It may not have been on many people’s “eagerly anticipated holiday releases”, but we were looking forward to Shatter Remastered Deluxe by PikPok quite a lot. Out now for consoles and PC, we checked out the PlayStation 5 version.
The original Shatter was part of the first wave of digital-only releases for consoles, back in the PS3/Xbox 360 days, and we remember it as one of the best. And while the majority of games are digital-only these days, we were glad to see this little gem make a comeback well over a decade later with an updated version that retains all of the content and gameplay but adds a host of technical upgrades.
What Shatter did so well back in the way was reinvent a formula that was pioneered and popularized by games like Breakout and Arkanoid three to four decades ago: the brick breaker, where you use a paddle to bounce a ball up at a wall of bricks in order to break them down, while making sure said ball doesn’t pass by you and become lost.
Shatter lets you enjoy its gameplay through a handful of different modes, including support for two-player co-op gameplay. The star attraction is the game’s story mode though, which features 71 well designed levels that gradually introduce new brick types and behaviors, but most importantly they become very creative from a level design point of view. While many levels have a traditional Arkanoid-like layout, others have a rounded look and file, and every few levels you’ll run into an actual boss fight.

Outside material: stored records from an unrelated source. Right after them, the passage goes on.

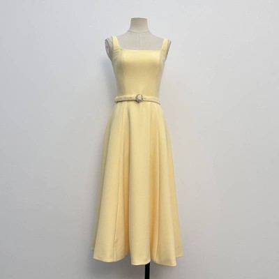 Elegant Square Neck Yellow Sling Midi Dress Waist Slimming Temperament Dress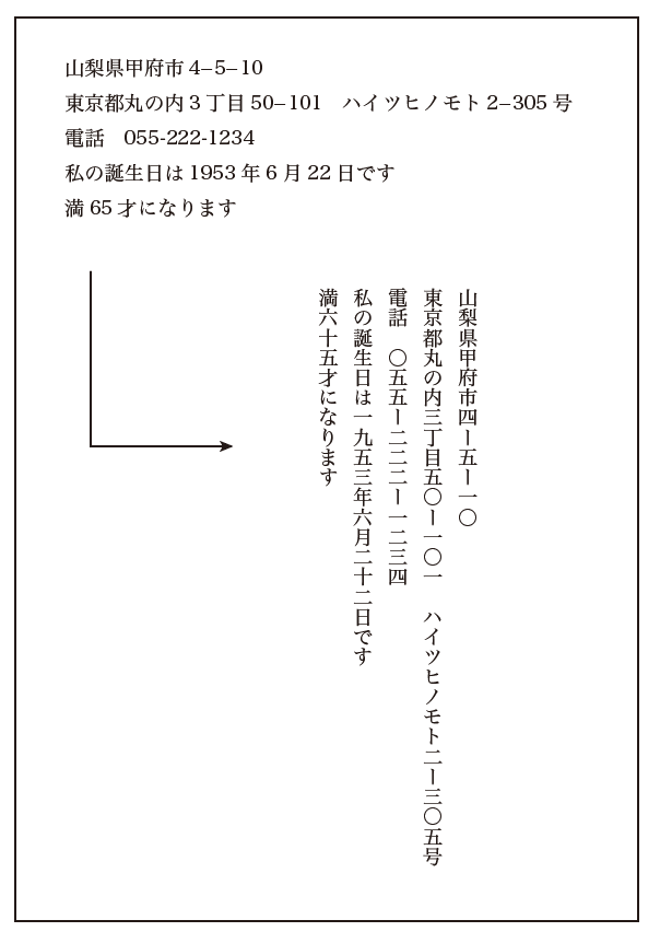 しかし、この住所をタテ文字、漢数字にするには、宛名印刷用のソフトを使ってタテ文字漢数字にしていました。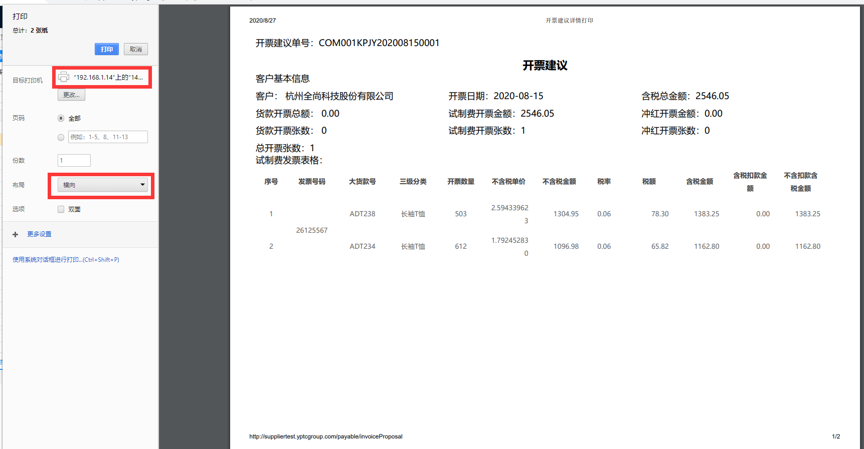 3、打印纸质开票建议,将纸质开票建议和纸质发票邮寄给衣品天成集团。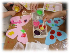 手持ち付きスポンジに絵の具を付けて上手にペタペタ…みんな夢中になってたくさんちょうちょに模様を付けていました♪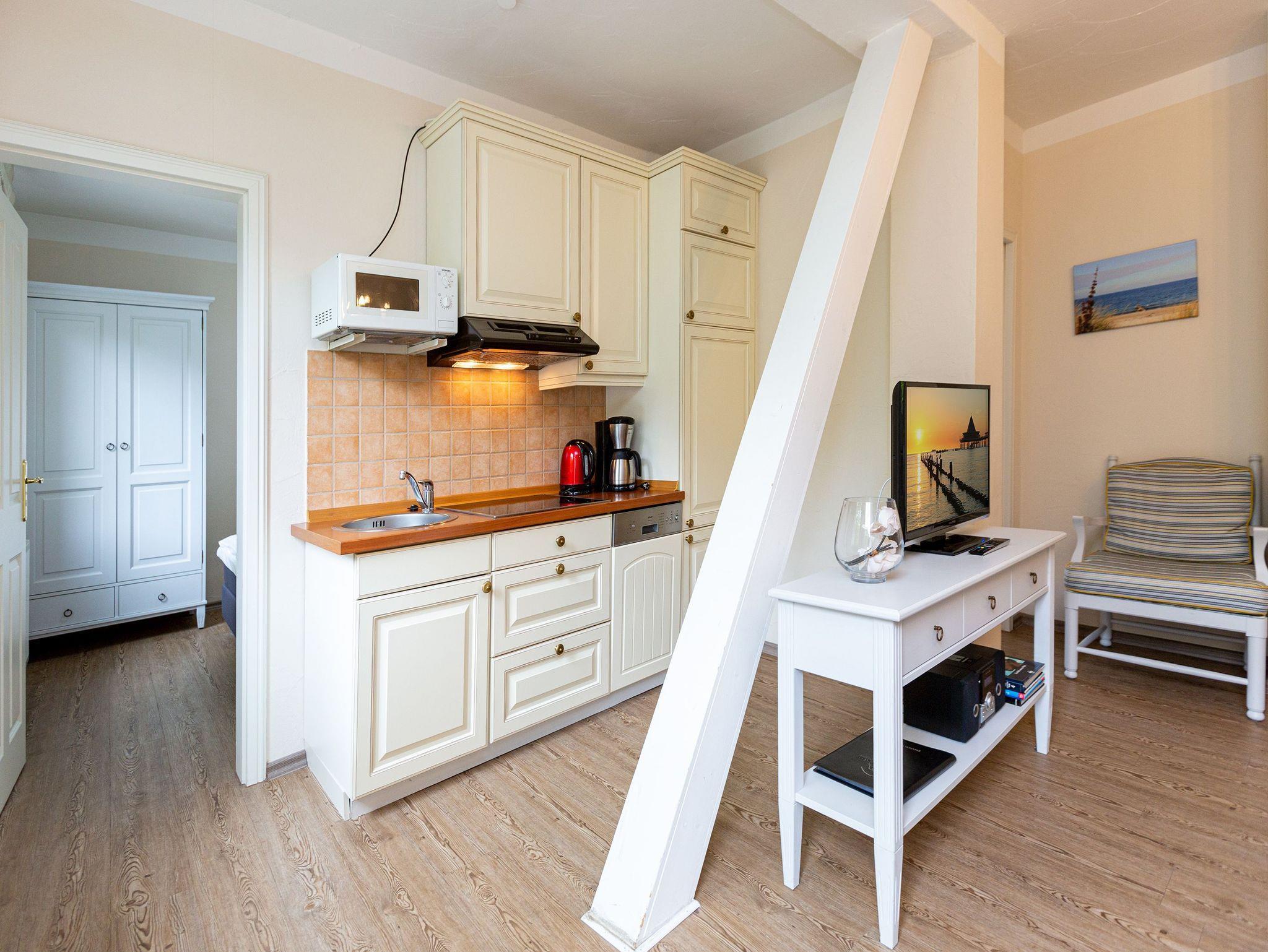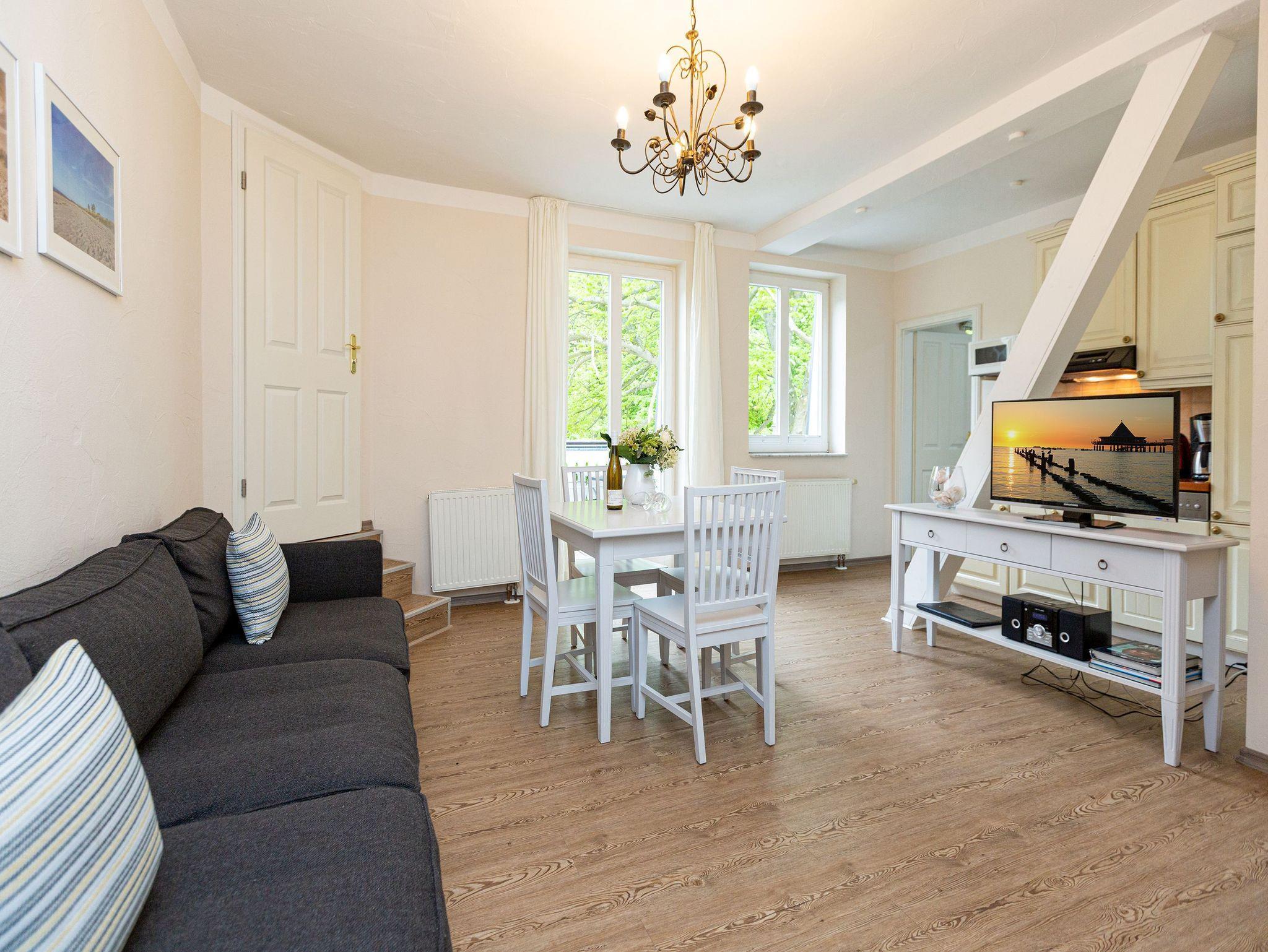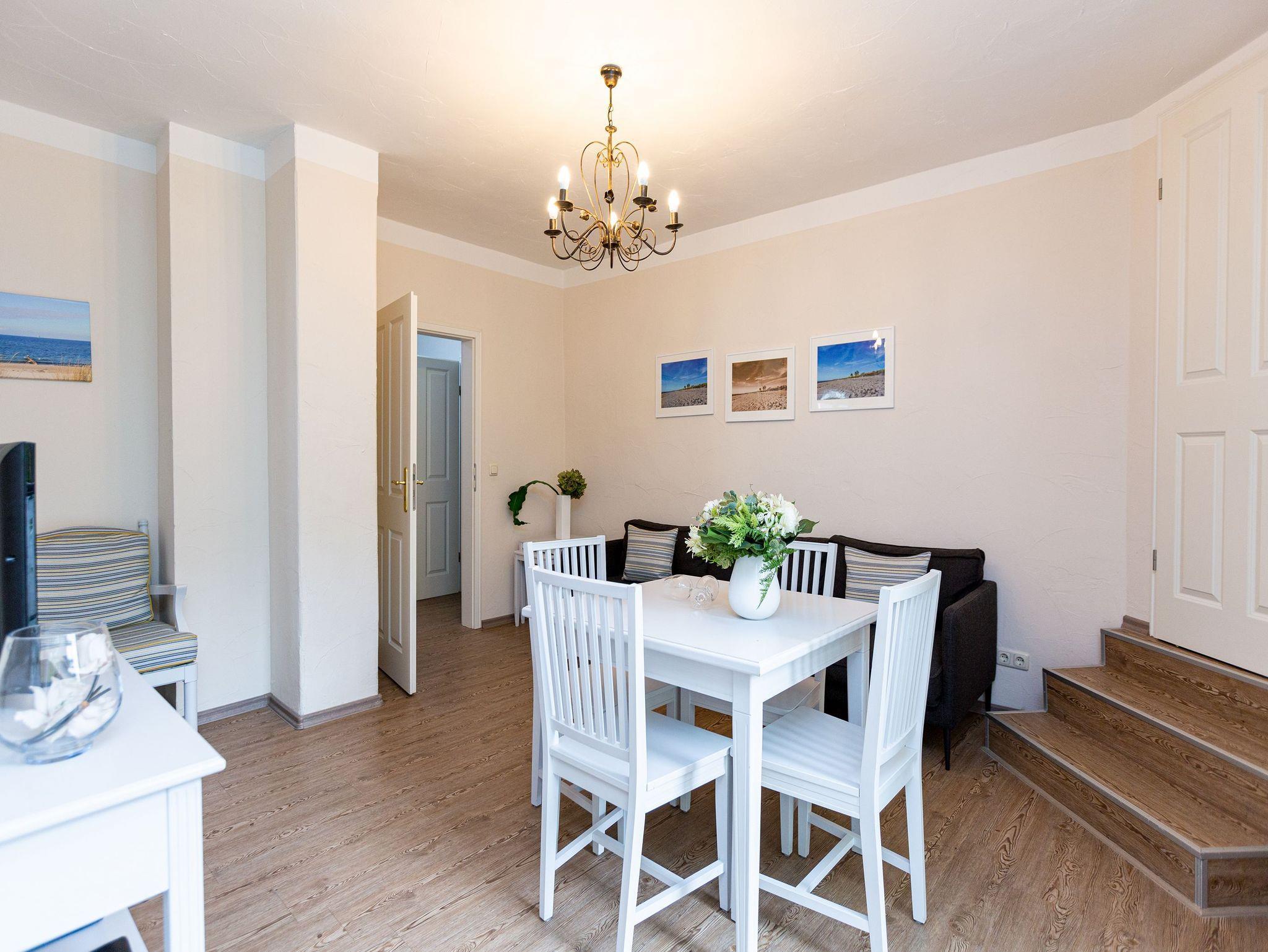 Ein schönes großes und offenes Wohn-Esszimmer empfängt den Urlaubshungrigen beim Eintreten in das Drei-Zimmer-Appartement unter dem Dach der sanierten Bädervilla Amelia. Edle Vintage-Sofas und ein großer Flat-TV warten nur darauf Ihnen eine entspannte Auszeit zu verschaffen. Gemeinsam kochen und essen, ist in diesem 50 Quadratmeter großen Ferienparadies auf jeden Fall möglich. Denn sowohl Küche als auch der in Weiß gehaltene Esstisch eigen sich dafür bestens. Zumal in der Küche alles zu finden ist, was ein Hobbykoch selbst für ein Mehr-Gänge-Menü brauchen kann. Inklusive Geschirr. Vom sonnigen Süd-Balkon aus haben Sie eine herrliche Sicht in die grüne Umgebung. Viel Ruhe finden Sie hier. Die beiden Schlafzimmer ? ausgestattet mit je einem Boxspringdoppelbett ? bringen vergnüglichen und erholsamen Schlaf. Die Schränke bieten viel Platz zum Verstauen. Das Badezimmer hat eine Dusche, ein WC und einen Waschtisch. Für einen rundum entspannten Urlaub sind die Betten bei Ihrer Anreise bezogen und Handtücher liegen bereit. Das WLAN Netz im Haus kann kostenfrei genutzt werden. Ein Pkw-Stellplatz befindet sich am Haus.

Those boss fights are some of the most unique elements of Shatter, and require a careful approach – one that often includes using the game’s ‘suck’ and ‘blow’ mechanics, what essentially means that you can suck bricks towards you and blow them away. This doesn’t destroy them (and they can hurt you if they come too close), but it does turn them into useful projectile weapons if used well against a boss.
What made Shatter fun over a decade ago is still fun today, and it’s never looked and sounded better either. On the right set, the game now supports 4K resolutions running at 120 frames per second, with a soundtrack that’s been redone with support for 5.1 surround setups. Shatter managed to feel nostalgic and fresh at the same time, and at its price point it’s an easy recommendation.